Peter stresses that eight persons were saved by the Flood and by the ark. He stresses this number, so it must be significant. God created the world in seven days, establishing the length of the week. Sets of seven in the Bible often represent completeness. The eighth day is the beginning of a new week. Holy Week begins on Palm Sunday and ends on the eighth day, Easter Sunday—the day that Jesus rose from the dead to demonstrate his victory over sin and death, the day that promises his people new life in a new creation. Like Peter, early Christian writers often associated the number eight with a new beginning, as they also associated Baptism with a new beginning. The apostle Paul wrote, ”Do you not know that all of us who have been baptized into Christ Jesus were baptized into his death? We were buried therefore with him by Baptism into death, in order that, just as Christ was raised from the dead by the glory of the Father, we too might walk in newness of life” (Romans 6:3-4).

When Noah and his family exited the ark, Noah offered sacrifices to God, continuing the tradition of “pre-enacting” the sacrifice of Christ on the cross. Afterward, he planted a garden. This garden is no minor detail; it reinforces the concept of a new beginning, since Adam and Eve began in a garden.

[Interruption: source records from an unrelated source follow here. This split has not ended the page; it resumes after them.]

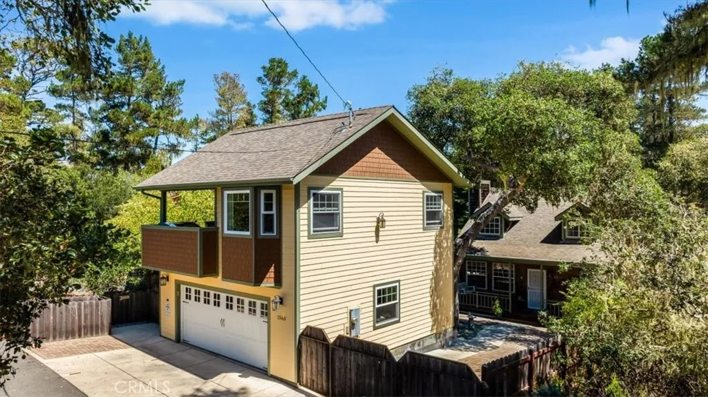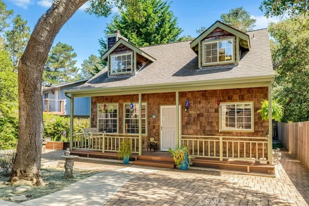 Located in a quiet corner of Lodge Hill in the village of Cambria, just steps from the Fiscalini Ranch Preserve, is this fully updated and maintained home with 3 bedrooms and 2 bathrooms, plus a 508 sq ft guest quarters that has been a licensed air bnb for years! The 624 sq ft garage has space for your cars and plenty of room for shop projects. The courtyard between buildings offers privacy and a gas fire pit for relaxing conversations under the stars. Inside the home you find an open plan with beautiful wood floors, a fireplace in the living room and beautiful hardwood cabinetry in the updated kitchen including stainless appliances. Window treatments are also tasteful and top of line. One bedroom is on the lower level so single level living works. A sunroom off of that bedroom allows for enjoying the outdoors in any weather. The full length front porch is another comfy spot for enjoying Cambria's outdoors. The guest quarters has kitchenette, full bath, walk in closet, vaulted ceiling, and a great porch for sitting and taking in the treetop views and the coastal range in the distance. It also has a mini split for AC and heating. The garage is equipped with three 220 outlets, optional laundry space, and natural gas so you are ready for any project! The oversized property is fenced, has hardscape with pavers, 40'+ RV parking inside fence, welded steel post/gates, spa pad with power, graceful oak trees... your own peaceful compound, and in moments you can be on a forest trails leading you to undeveloped bluffs at ocean's edge.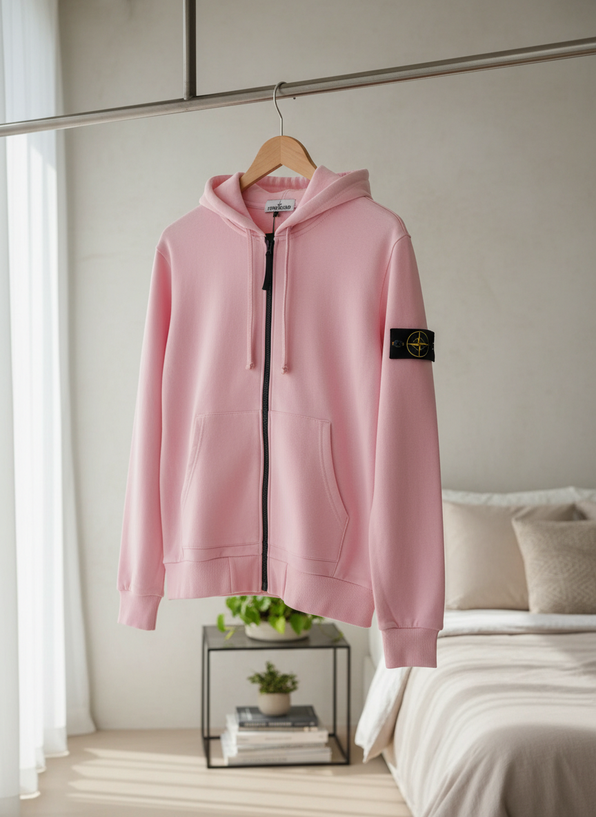 Stone Island Pink Zip-Up Hoodie crafted from soft breathable cotton, features adjustable drawstring hood, practical kangaroo pocket, iconic arm badge & compass tag, unisex streetwear style.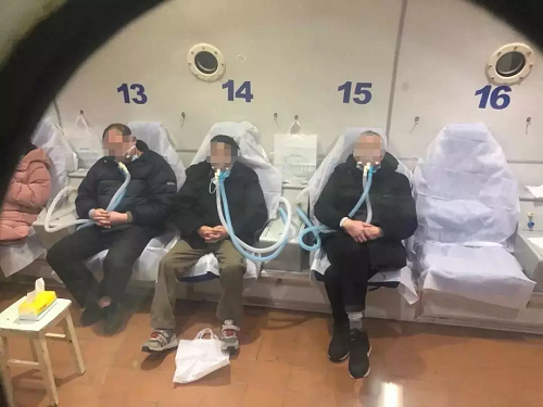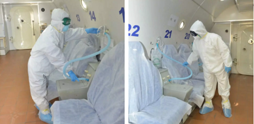 2月17日起,医院对部分需要的新冠肺炎普通型患者进行了高压氧治疗。新冠肺炎患者入舱前,医护人员对患者进行各项注意事项的宣教,入舱后操作人员通过对讲系统再次对患者进行指导,确保患者佩戴口罩和吸氧面罩时做到无缝连接;在氧舱中,治疗患者隔位就坐;对于不使用的吸氧口、排氧口使用乳胶手套绑扎,防止管道污染;每人配备纸巾及垃圾袋,供咳嗽时使用;患者出舱后,对高压氧舱及所有相关物品进行严格终末消毒处理。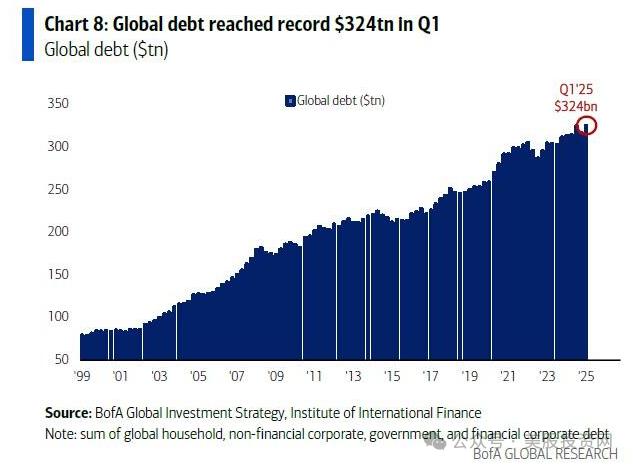 也就是说,如果市场不再愿意购买长期国债,导致利率飙升,可能会给债务链带来压力。如图所示,今年一季度全球债务总额创历史新高,达到324亿美元。在这种背景下,债券投资者集体“停止购买”只是时间问题。

Yet, as Adam and Eve sinned and were driven from the garden, so Noah’s garden also became his downfall.  He drank wine, made from the grapes of his vineyard, became drunk, and lay naked, uncovered in his tent. In spite of his new beginning, Noah was no longer clothed in righteousness. One son laughed at Noah’s nakedness, bringing trouble upon himself and his family. The other two sons covered Noah’s nakedness, bringing blessing upon themselves and their families. In the same way, Christians today should not rejoice in the wrongdoing of others, but instead should seek to share the good news of Jesus with sinners, hoping to clothe them in his righteousness by the power of his Word. We do not desire to humiliate them over their sins or condemn them, but we hope instead to call them to repentance and faith.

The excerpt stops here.